◆ **ACTION ITEM**:
Transcribe the data that follows without changing a word, and omit the pictures.

(AVAILABLE DATA Opens)

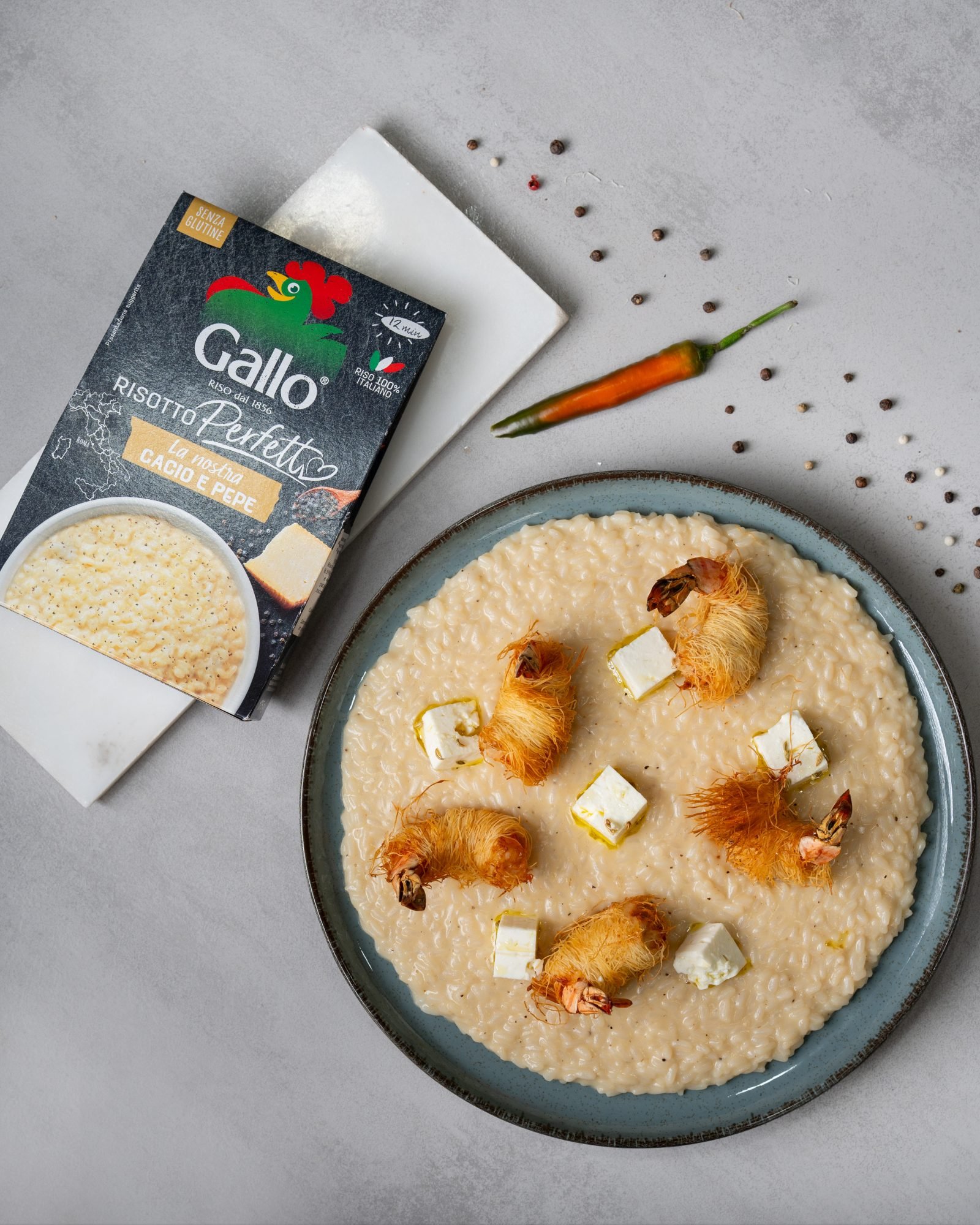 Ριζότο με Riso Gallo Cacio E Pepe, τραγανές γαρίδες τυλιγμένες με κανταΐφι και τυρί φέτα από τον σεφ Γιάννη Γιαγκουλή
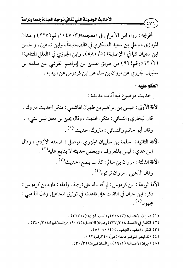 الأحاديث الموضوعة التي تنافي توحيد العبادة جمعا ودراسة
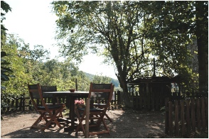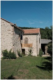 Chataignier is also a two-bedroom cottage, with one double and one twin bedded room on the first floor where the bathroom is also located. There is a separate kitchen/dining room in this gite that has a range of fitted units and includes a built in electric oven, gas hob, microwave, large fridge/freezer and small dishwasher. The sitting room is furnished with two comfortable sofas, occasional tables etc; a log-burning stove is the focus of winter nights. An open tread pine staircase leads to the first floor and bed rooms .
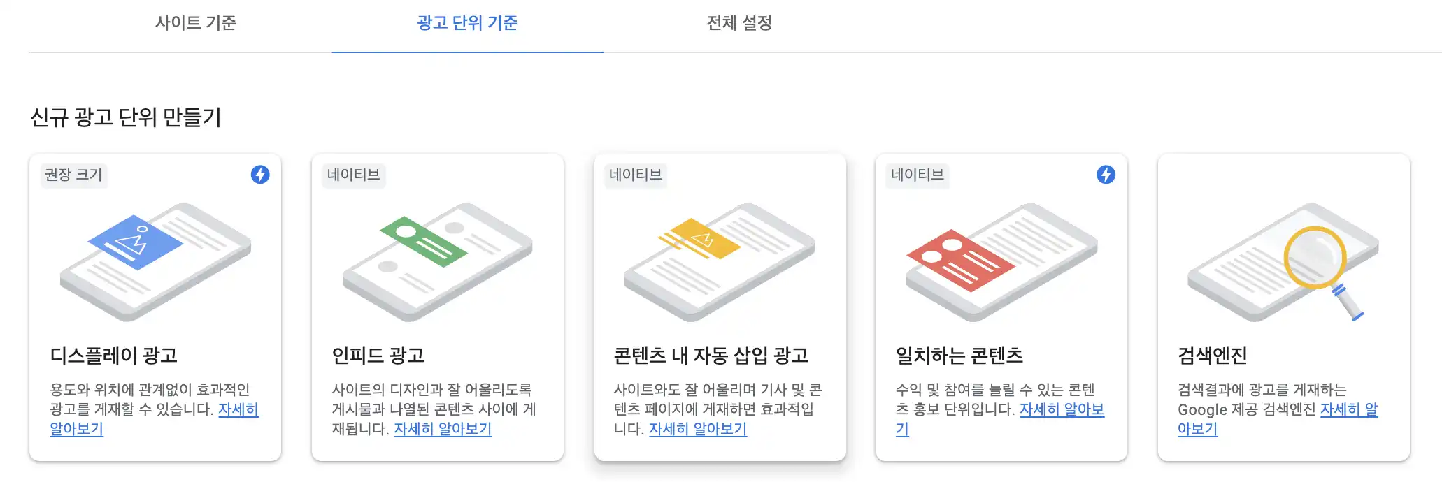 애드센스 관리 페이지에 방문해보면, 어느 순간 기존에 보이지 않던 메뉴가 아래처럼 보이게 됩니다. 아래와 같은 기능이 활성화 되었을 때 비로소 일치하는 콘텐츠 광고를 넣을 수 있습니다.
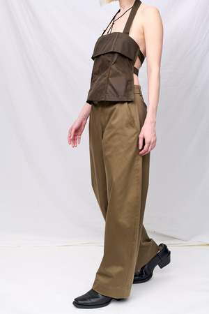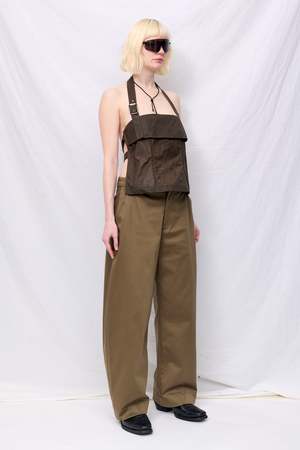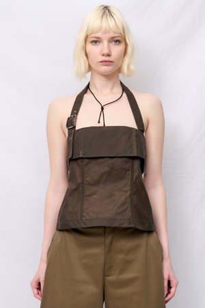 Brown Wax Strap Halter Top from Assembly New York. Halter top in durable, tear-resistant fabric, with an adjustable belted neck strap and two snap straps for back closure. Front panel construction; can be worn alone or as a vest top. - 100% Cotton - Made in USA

(AVAILABLE DATA Closes)

◆ **SOLUTION FOR THIS EXERCISE**:
 Ριζότο με Riso Gallo Cacio E Pepe, τραγανές γαρίδες τυλιγμένες με κανταΐφι και τυρί φέτα από τον σεφ Γιάννη Γιαγκουλή
 الأحاديث الموضوعة التي تنافي توحيد العبادة جمعا ودراسة
 Chataignier is also a two-bedroom cottage, with one double and one twin bedded room on the first floor where the bathroom is also located. There is a separate kitchen/dining room in this gite that has a range of fitted units and includes a built in electric oven, gas hob, microwave, large fridge/freezer and small dishwasher. The sitting room is furnished with two comfortable sofas, occasional tables etc; a log-burning stove is the focus of winter nights. An open tread pine staircase leads to the first floor and bed rooms .
 애드센스 관리 페이지에 방문해보면, 어느 순간 기존에 보이지 않던 메뉴가 아래처럼 보이게 됩니다. 아래와 같은 기능이 활성화 되었을 때 비로소 일치하는 콘텐츠 광고를 넣을 수 있습니다.
 Brown Wax Strap Halter Top from Assembly New York. Halter top in durable, tear-resistant fabric, with an adjustable belted neck strap and two snap straps for back closure. Front panel construction; can be worn alone or as a vest top. - 100% Cotton - Made in USA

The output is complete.